Le général Vassili Petrenko commande les troupes qui se battent à Birkenau. Dans ses mémoires, Avant et après Auschwitz3, il revient sur la libération des camps : « Le jour de mon arrivée à Auschwitz, on avait compté 7 500 rescapés. Je n’ai pas vu de gens « normaux ». Les Allemands avaient laissé les impotents. Les autres, tous ceux qui pouvaient marcher, avaient été emmenés le 18 janvier. Ils avaient laissé les malades, les affaiblis ; on nous a dit qu’il y en avait plus de 10 000. Ceux qui pouvaient encore marcher, peu nombreux, se sont enfuis alors que notre armée s’approchait du camp. »

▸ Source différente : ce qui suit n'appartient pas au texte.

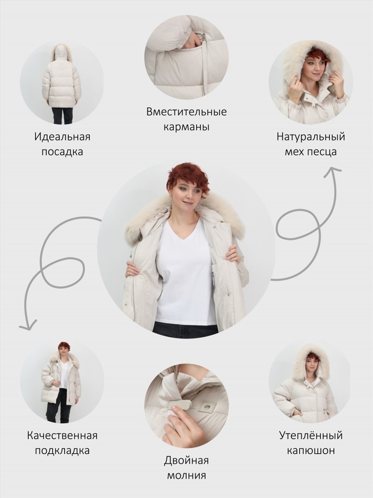 Великолепный натуральный мех песца на капюшоне подчеркнет вашу индивидуальность. Съемная опушка позволяет менять образ от делового до casual-шика. Безупречное качество меха и его мягкое сияние говорят о вашем безупречном вкусе и статусе.
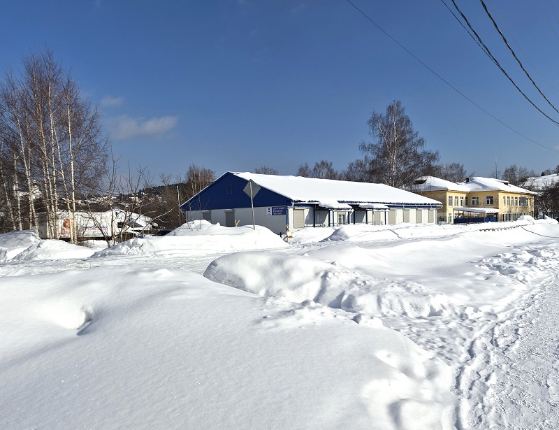 Справа бывшая начальная школа, также вся улица завалена снегом.
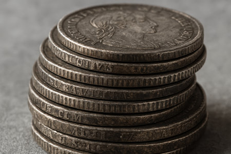 Neat stack of antique tarnished silver coins, showcasing intricate details and historical value. represents wealth, finance, and investment.
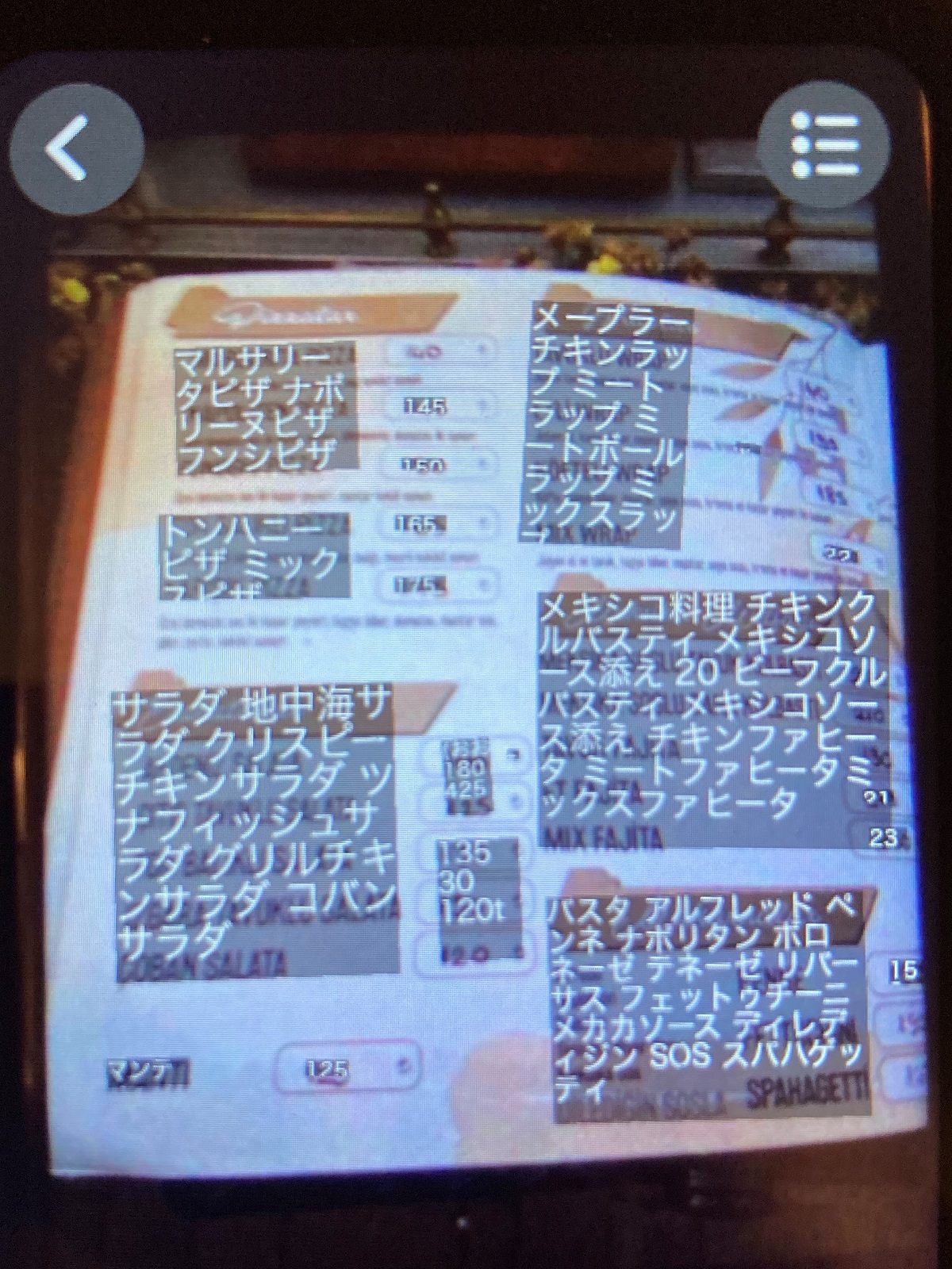 次はレストランのメニュー表を翻訳してみました。

« Nous avons envoyé les unités sanitaires des 108e, 322e et 107e divisions sur le territoire du camp, les médecins de ces trois divisions ont mis en place des lieux pour se laver, tels étaient les ordres de l’armée, rapporte le général. Ces mêmes divisions ont organisé l’approvisionnement. On a envoyé des cuisines mobiles. Le deuxième jour, un régiment de réserve de l’armée est arrivé et a libéré nos soldats (…). On m’a montré les pièces où l’on asphyxiait au gaz avant le crématoire. Le crématoire lui-même et une chambre à gaz avaient été dynamités. »

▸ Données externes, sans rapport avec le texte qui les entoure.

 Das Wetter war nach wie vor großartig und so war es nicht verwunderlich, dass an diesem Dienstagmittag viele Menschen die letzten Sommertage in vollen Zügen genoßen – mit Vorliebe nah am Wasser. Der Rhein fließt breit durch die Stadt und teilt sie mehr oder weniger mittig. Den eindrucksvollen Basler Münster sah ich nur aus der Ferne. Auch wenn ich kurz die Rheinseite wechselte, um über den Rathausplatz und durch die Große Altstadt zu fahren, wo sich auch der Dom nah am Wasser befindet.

Et de poursuivre : « J’ai vu aussi des enfants… c’était un tableau terrible : ils avaient le ventre gonflé par la faim, les yeux vagues, des jambes très maigres, des bras comme des cordes, et tout le reste ne me semblait pas humain, comme si c’était cousu. Les gamins se taisaient et ne montraient que les numéros qu’on leur avait tatoués sur le bras. Ces gens n’avaient pas de larmes. J’ai vu comment ils essayaient de s’essuyer les yeux, mais ils restaient secs. »

Le maillon essentiel de l’industrie nazie de la mort

Les Soviétiques viennent de faire la plus terrible découverte du XXe siècle : les trois camps d’Auschwitz I, d’Auschwitz II Birkenau et de l’usine d’IG Farben à Monowitz. Ils viennent d’investir le maillon essentiel de l’industrie nazie de la mort. Lorsqu’ils arrivent, il ne reste plus dans tout le complexe que 7 000 femmes et hommes et une centaine d’enfants, malades ou mourants, grelottants et affamés. Quelques jours auparavant, les SS avaient contraint 60 000 prisonniers à partir à pied ou en wagons découverts vers l’ouest, dans une « marche de la mort » qui tuera 15 000 personnes, dont les cadavres jonchent alors les routes de Silésie.

Les derniers jours d’Auschwitz sont une horreur. Certes, on n’y gaze plus – les chambres spécialisées et les fours crématoires ont été détruits par les SS, qui veulent effacer les traces de leurs crimes ; une partie a été incendiée lors du soulèvement des 465 Sonderkommandos, formés de juifs et de Soviétiques chargés de vider les chambres à gaz et d’assurer le fonctionnement des fours crématoires. Ceux-là savent que les nazis ne laisseront pas de témoins derrière eux. Les 6 et 7 octobre 1944, ces hommes se soulèvent, anticipant l’insurrection générale programmée par le Kampfgruppe Auschwitz, la Résistance internationale organisée des camps. Ils font sauter le Krematorium IV grâce à la poudre soustraite dans l’entreprise d’armement Union par quatre jeunes juives polonaises. Elles seront pendues devant leurs camarades d’usine et pratiquement aucun des insurgés ne survécut.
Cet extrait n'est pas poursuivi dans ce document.